SUPPLIED DATA Start Marker
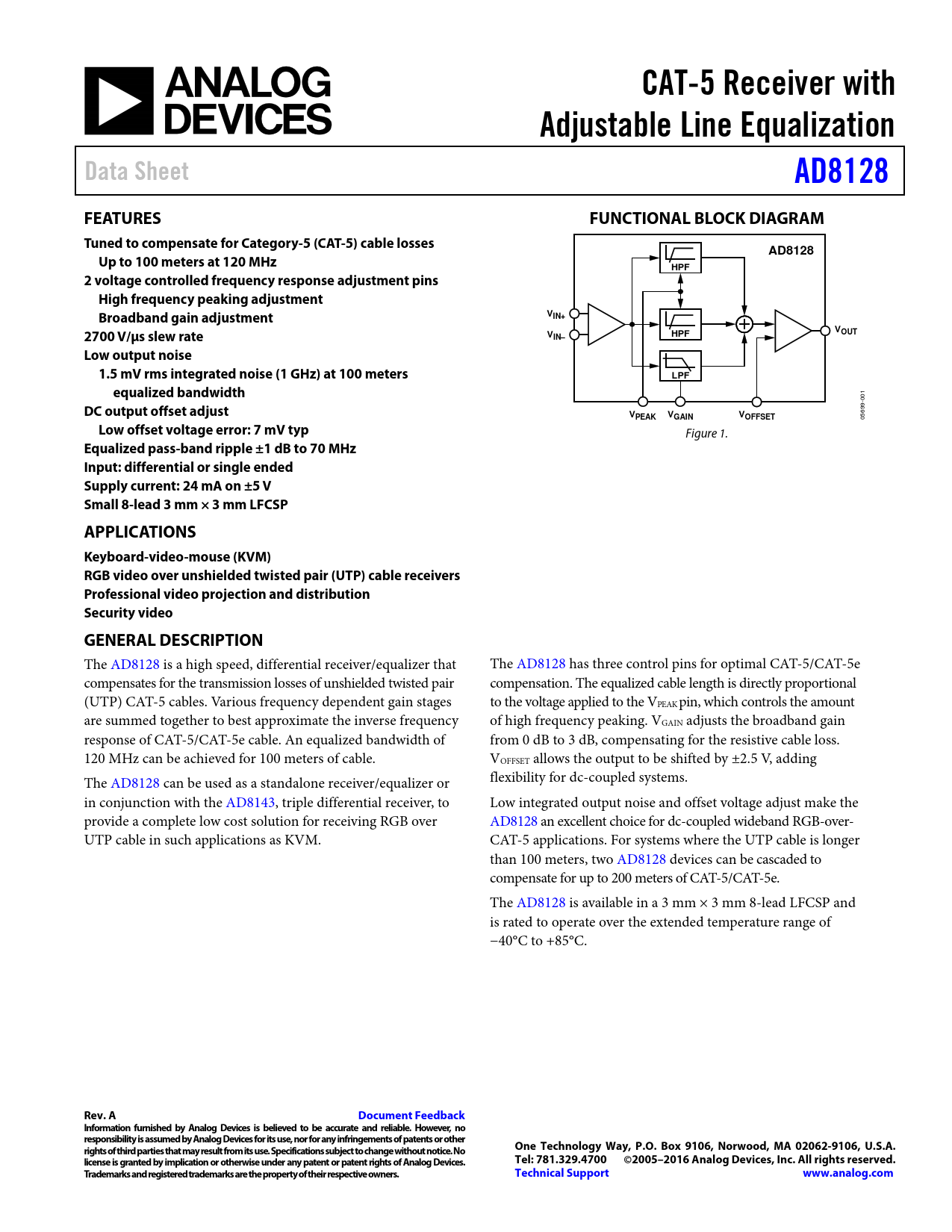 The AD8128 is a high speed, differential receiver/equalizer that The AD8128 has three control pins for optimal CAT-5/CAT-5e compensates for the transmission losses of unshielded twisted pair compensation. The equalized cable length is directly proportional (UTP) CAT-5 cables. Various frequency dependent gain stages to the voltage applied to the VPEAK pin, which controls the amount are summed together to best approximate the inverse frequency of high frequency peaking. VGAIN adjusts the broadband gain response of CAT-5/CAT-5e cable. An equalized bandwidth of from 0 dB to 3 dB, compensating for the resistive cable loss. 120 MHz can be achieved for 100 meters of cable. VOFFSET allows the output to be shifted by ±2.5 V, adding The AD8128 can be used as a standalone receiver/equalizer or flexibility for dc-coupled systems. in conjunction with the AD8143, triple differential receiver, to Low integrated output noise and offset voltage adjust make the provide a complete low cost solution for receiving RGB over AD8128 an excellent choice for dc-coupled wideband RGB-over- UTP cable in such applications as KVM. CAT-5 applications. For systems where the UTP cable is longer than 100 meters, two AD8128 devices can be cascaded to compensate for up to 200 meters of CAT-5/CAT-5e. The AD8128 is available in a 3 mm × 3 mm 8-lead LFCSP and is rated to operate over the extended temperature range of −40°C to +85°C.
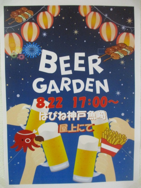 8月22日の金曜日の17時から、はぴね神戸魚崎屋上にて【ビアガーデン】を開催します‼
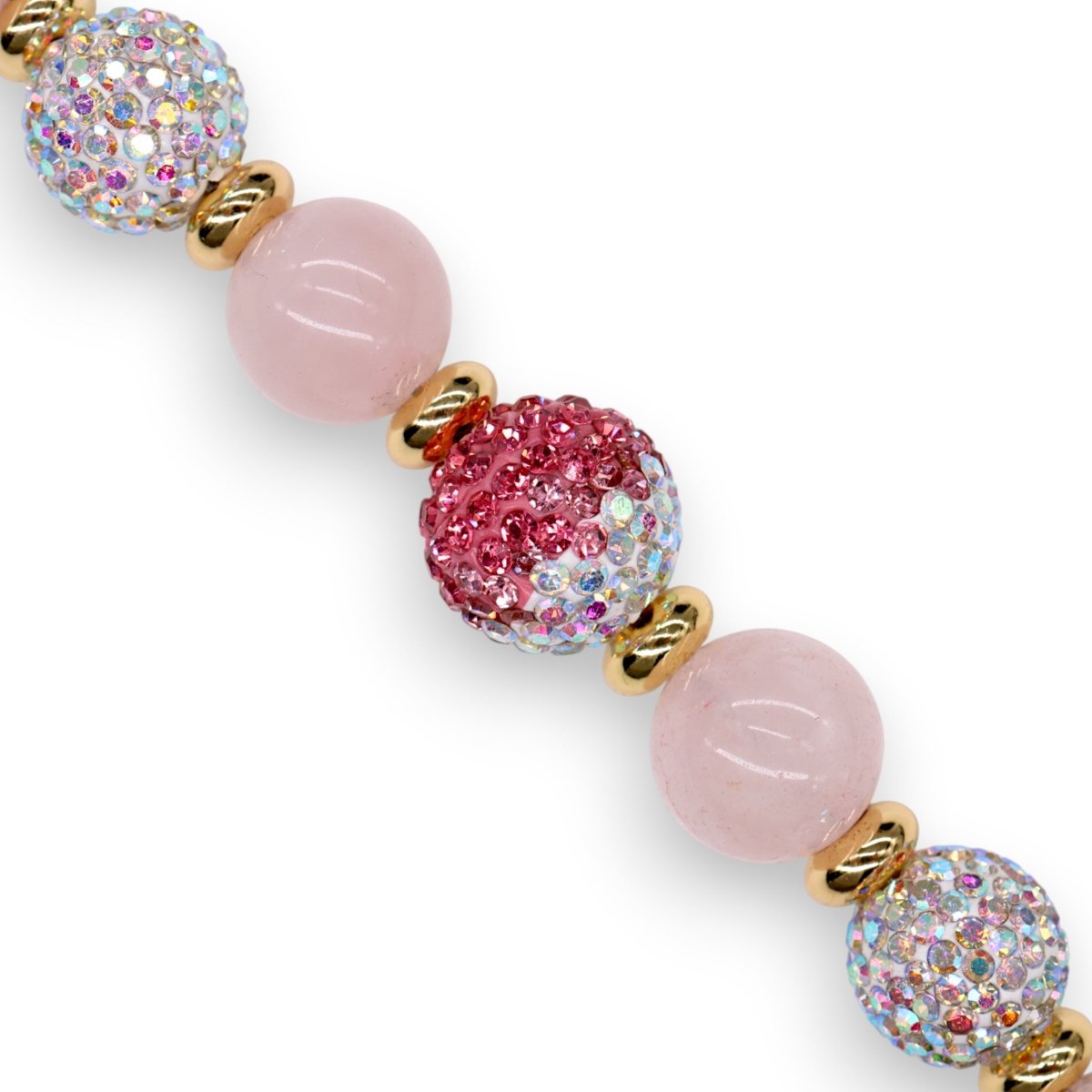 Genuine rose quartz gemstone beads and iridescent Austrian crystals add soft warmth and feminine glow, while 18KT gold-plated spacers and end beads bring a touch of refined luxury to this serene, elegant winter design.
SUPPLIED DATA End Marker
INSTRUCTIONS FOR THE TASK »
Begin with the line holding "8月22日の金曜日の17時か" and end with the last line of the listing. Reproduce each of those lines exactly, and leave every picture out.

EXPECTED ANSWER »
 8月22日の金曜日の17時から、はぴね神戸魚崎屋上にて【ビアガーデン】を開催します‼
 Genuine rose quartz gemstone beads and iridescent Austrian crystals add soft warmth and feminine glow, while 18KT gold-plated spacers and end beads bring a touch of refined luxury to this serene, elegant winter design.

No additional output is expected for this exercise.